もう何年も前の話。
以前私が勤めていた職場は、ほかの会社に比べれば飲み会や接待ごととは縁遠いところでしたが、それでも年に何度かは同じ部署や仲の良いお姉さまがたから「こんど食事会でもしましょう!」と声がかかることがありました。
ふつうの人にとっては親睦となるものが、私にとっては苦痛と不安の何物でもありませんでした。
摂食障害であることは、職場には言っていませんでした。
なにしろ「体調が悪い」とでも言おうものなら根掘り葉掘り聞いてくるか、しまいには「ひとり暮らしだから不摂生になりがちなのよ」とお説教をされるのが関の山です。

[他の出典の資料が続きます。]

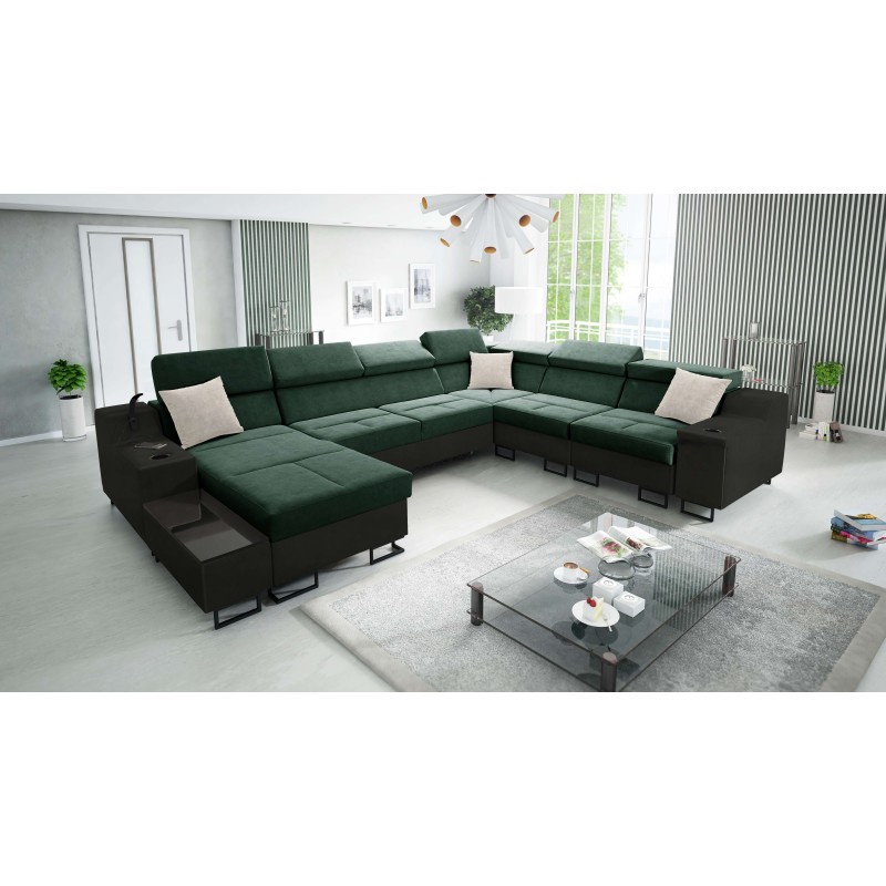 Запрошуємо ознайомитися з нашою новітньою пропозицією - розширеним кутовим диваном у формі U, Avanti VIII. Цей ексклюзивний меблевий виріб вражає не лише своїм сучасним, стильним виглядом, але й практичними функціями. Виконаний з найвищої якості велюру, Whisper 11 + чорна екошкіра, він чудово підходить як для щоденного використання, так і для зустрічей з родиною чи друзями.

ましてや過食だ拒食だ、メンタルの病だなんて言おうものならどういうことになるか。恐くて言い出せませんでした。
しかしあるとき、とうとう断りきれずに返事をしてしまったことがありました。
自分なりに「逃げちゃいけない」と思ったのか、イヤな人と思われたくなかったのか、もう覚えていませんが、とにかくOKの返事をしたその日から、当日のことが頭から離れなくなってしまったのです。
どんな食べ方をしたらいいのだろう?
どんな話をしたらいいのだろう?
不安が不安を呼ぶ、とはまさにこのことです。
その食事会は休業日の夜にセッティングされていたのですが、私はその日の朝から気分が悪くて起き上がることができませんでした。
結局、幹事さんに電話をしました。ドタキャンです。
翌日、食事会に出席していたお局様に出勤早々欠席のお詫びをしていると、先払いしていた会費を返しに幹事さんがやってきました。あわてて断ると「いえ、もう精算も済んでいますし、お金が宙に浮くのはかえってこちらも困りますので」とハキハキと言い残して立ち去って行かれました。

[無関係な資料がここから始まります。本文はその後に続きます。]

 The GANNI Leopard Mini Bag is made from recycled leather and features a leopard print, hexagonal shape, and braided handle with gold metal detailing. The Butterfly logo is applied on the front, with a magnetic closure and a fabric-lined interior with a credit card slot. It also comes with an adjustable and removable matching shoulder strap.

こんなに気まずい思いをするなら、どうせ嫌味を言われるんなら、最初から断ればよかった…。
この出来事が重荷になって、ミーティングに通いだして症状が落ち着いてからも、なかなか職場の人との集まりに出かける気持ちがわきませんでした。
そんなある日、ランチのお誘いがありました。
人数も5〜6人と少ないし、女性ばかりだし、今度こそとOKしました。
なんとかなるかと思ったのです。
ところが、そこでのみんなの話題は、その場にいない上司や同僚の悪口ばかり。
とりあえず、話を聞いているという態度だけ示しておけばいいやと思って、話し手のほうを見ながら適当に相づちを打って…という芸当はできるようになっていたので、あとは黙々と料理を平らげました。なんとか当初の目標は達成できたのですが、帰宅するなりドッと疲れてしまいました。
やっぱり、めんどくさいなあ…
せっかく美味しい料理を食べるのに、なんでわざわざあんな話ばかりするんだろう。ふつうの人はあれでストレス発散になるんかいな。

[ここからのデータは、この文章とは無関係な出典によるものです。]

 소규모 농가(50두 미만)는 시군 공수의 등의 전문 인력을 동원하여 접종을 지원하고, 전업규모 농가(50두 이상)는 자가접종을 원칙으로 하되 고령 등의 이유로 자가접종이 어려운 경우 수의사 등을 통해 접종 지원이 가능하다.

以来、食事に行くメンバーをさらに吟味するようになり、気が進まないときはどうにか理由をつけて、でもはっきりと断るようにしました。
その頃には、仮に「付きあいが悪い」と言われても気にならないようにもなっていたんですけどね。
自分が食べ方にこだわっているときや、人との付き合いが辛いときは無理して(というか、人の目を気にして)食事の席につきあうことはありません。最後にしんどい思いをするのは結局自分ですもん。
私はまず夫と一緒に食事をして、それから自助グループのメンバーとイベントのときに一緒に食べて…と徐々に慣らしていきました。やっぱり親しい人と一緒に食べるのがいちばん美味しい!と今さらながら思っています。